Did your officers judge Mr Palmer on the colour of his skin? Come on, son, out you go.
Are they going to arrest the right man this time? Go on, out! Now, THAT is a good question.
With respect, sir, it's not our fault the girl lied.
Apart from Constable Dawson, did anyone take the time to look into Palmer's claims? Oh, she looked into them, all right.
Two nights ago I had to rescue her from a coloured nightclub.
Dawson? Sir, I She'd gone in there without permission, stirring up trouble.
Just like today.
Turning up at court, influencing a witness to change her statement.
She should be sacked! For what, exactly? Being right? We should've listened to her in the first place.
I should've known you'd stick up for her.
What does THAT mean? It's clear to everyone, Burns.
All right, enough! What's done is done.
You'll let her get away with it, sir? I'll concentrate on what's important - the fact that three women have now been attacked at knife-point and it's happened on our watch.

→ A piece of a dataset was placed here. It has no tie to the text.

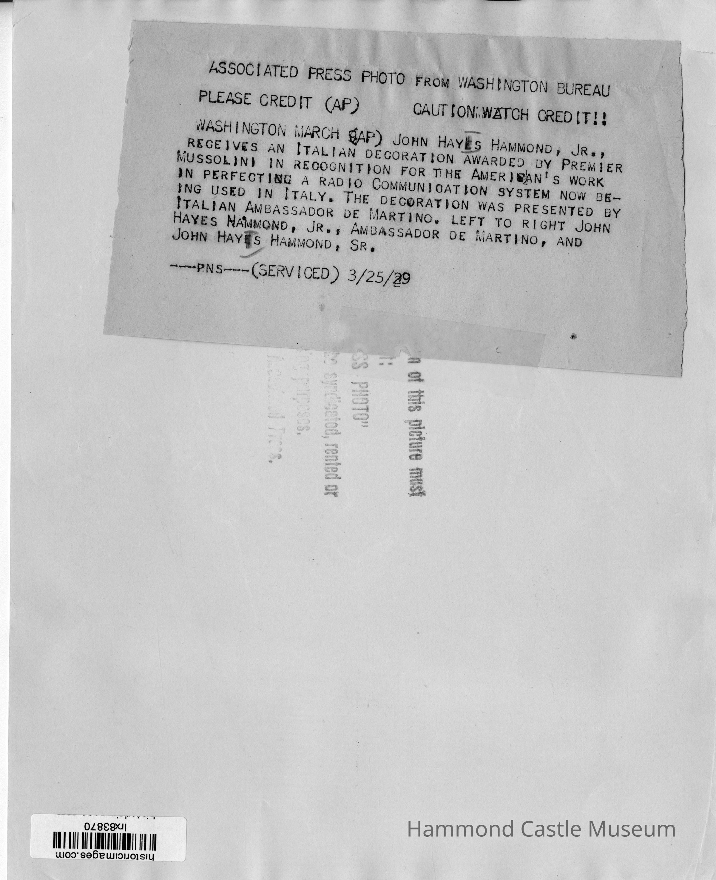2 copies of photo of Hammond (Jr & Sr) receiving award from Italian Ambassador De Martino Associated Press photo

From now on, we pool all our resources and we step up our patrols in Victoria Park.
If we don't stop this man, he will strike again.
Deborah? Daddy? It's all right, girls.
Ah! Damn it! Girls, girls, just stand over there.
Everything's all right.
Everything's fine.
Deborah! Where's Mummy? Upstairs.
OK, girls, into the living room.
Go on.
Run, run.
Deborah! Deborah.
Wake up.
What? You left something on the stove.
What? Leave me alone.
The girls were alone down there.
Just let me sleep.
Deborah, you could have all burned to death! Get up! And see to your children.
Stop it! Stop it, Jack! Please, I can't! Chrome hub caps? Do you ever save your wages? What for? I just borrow yours.
Didn't know it was fancy dress.
Could you walk any slower? I'm not running in these heels, Gina.
Where you going? I forgot to lock the storeroom.
Do you want a coffee? Can we get a couple of coffees in here? I don't believe it! It's Marilyn Monroe! So? Do you like it? I love it! You look gorgeous! Don't she look gorgeous? They're just playing silly beggars.
He's right, just ignore them.
Shall I put some music on? Good idea.
What are you doing, love? We're only having a bit of a bun.
This is your favourite, isn't it, Gina? Jack, please.
I don't want to go.
Please don't let them take me! Jack! Please! Jack, please! You've got some front coming in here, you have.
Come to chat up my bird again, have you? We were just talking Shut up! No-one talks to my bird without my say-so.
You're not on duty now.
Johnny! Come on, then! You talking to my bird? You talking to my bird?! Hey? You talking to my bird? Hey? Hey? Hey? Go on, Johnny! Let's go! Eddie! Eddie! Call for an ambulance! Eddie! I need something, anything, a handkerchief, to stop the blood Anything! It's OK, it's OK.